Configure the MCP server as a local stdio service. You run the server via Node and point to the built entry script. The following configuration demonstrates how to wire the server into your MCP client environment. It includes the required environment variables for authentication and API access.
{
"mcpServers": {
"github_enterprise": {
"type": "stdio",
"command": "node",
"args": [
"/absolute/path/to/github-enterprise-mcp/dist/index.js"
],
"env": {
"GITHUB_PERSONAL_ACCESS_TOKEN": "your-personal-access-token",
"GITHUB_API_URL": "https://api.github.com"
// For GitHub Enterprise, replace with your instance URL, e.g. "https://github.yourdomain.com/api/v3"
},
"disabled": false,
"autoApprove": []
}
}
}To verify the MCP server is installed and ready, ask your MCP client to perform a simple search or file operation using the GitHub Enterprise MCP server. For example, you can request a repository search with a keyword like the following through your MCP client: use the search_repositories tool with a query such as your keyword.

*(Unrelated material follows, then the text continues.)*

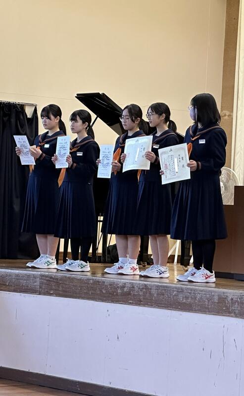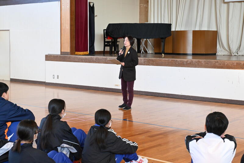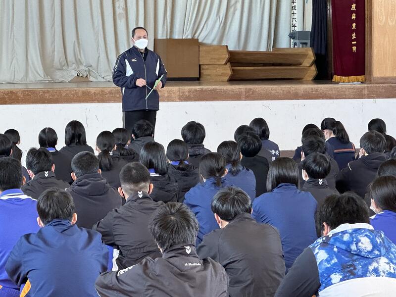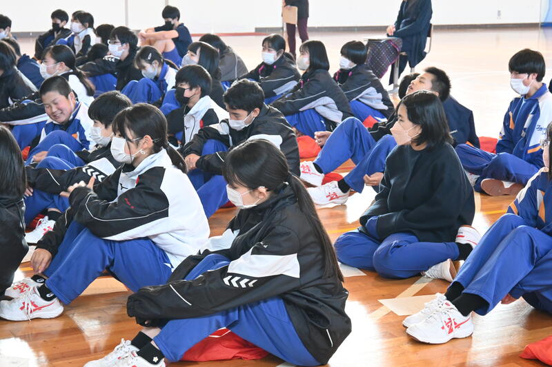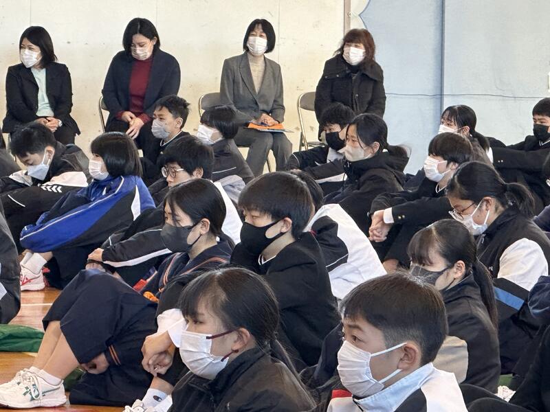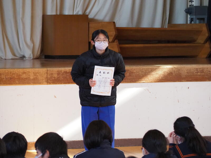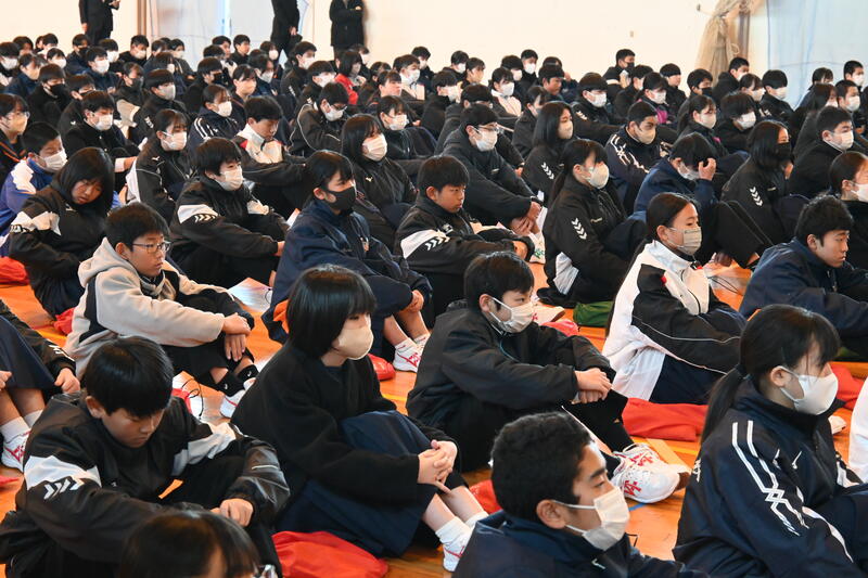 1学期と比べ成長がみられた点、そして3学期に向けた課題点など、学年全体で今年1年間を振り返ることができた、良い機会となりました。また「2学期の反省と冬休みの抱負」の発表を行った3人の代表生徒からは、2学期の反省を生かし、3学期により良い学校生活を送ろうとする、前向きな姿勢がみられました。

Create a new file in a repository, push updates across multiple files in a single commit, search for code across repositories, or list issues and pull requests. The tools cover authentication, repository creation, file management, issue tracking, PR operations, and code search, enabling you to automate many GitHub workflows.
Store your GitHub Personal Access Token securely and only grant the minimum permissions needed for your automation. Rotate tokens periodically and restrict access to the MCP server to trusted networks or environments.

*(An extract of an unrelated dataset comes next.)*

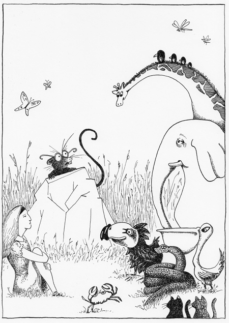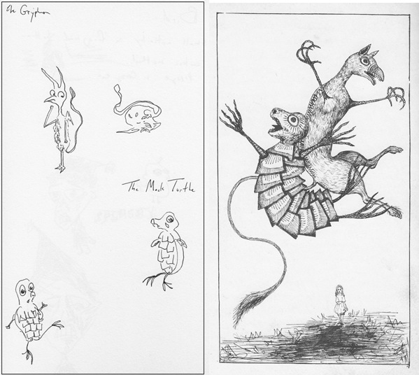 The big stumbling block for me was always the Gryphon and the Mock Turtle; finally it occured to me to base them on Lewis Carroll's original conceptions from 'Alice's Adventures Under Ground'. I think these came out all right - but of course after that episode comes the trial, which always scared the heck out of me. All those cards! But the inspiration finally came to me.

If you encounter issues, verify the following: the path to the entry script is correct in your MCP client configuration, your GitHub token has the necessary permissions, and the API URL matches your GitHub instance. Check logs for error messages and ensure the MCP server is not disabled.
You can build and run the MCP server locally by installing dependencies, building the project, and starting the server as described in the steps above.
Create or update a single file in a repository with a commit message and optional branch and SHA for updates.
Push multiple files in a single commit to a repository, specifying the target branch and commit message.
Search for repositories with a query and pagination options.
Create a new repository with optional description, privacy setting, and initial content.
Retrieve contents of a file or directory from a repository at a specific path and branch.
Create a new issue with optional description, assignees, labels, and milestone.
Create a new pull request with title, body, head and base branches, and optional flags.
Fork a repository to your account or organization.
Create a new branch from a source branch in a repository.
List and filter issues for a repository by state, labels, sort, and date.
Update an existing issue with new title, body, state, labels, assignees, or milestone.
Add a comment to a specific issue in a repository.
Search code across repositories with a code query and optional sorting.
Search issues and pull requests with query, sort, and pagination.
Search for users with a query and optional sorting and pagination.
Get commits for a branch in a repository with pagination.
Retrieve a specific issue by number.
Retrieve details of a specific pull request including diff and reviews.
List and filter pull requests by state, head, base, sort, and pagination.
Create a review on a pull request with optional line comments.
Merge a pull request using a selected method with optional commit details.
Get the list of files changed in a pull request.
Get the combined status checks for a pull request.
Update a pull request branch with the latest changes from the base branch.
Get review comments on a pull request.
Get the reviews on a pull request.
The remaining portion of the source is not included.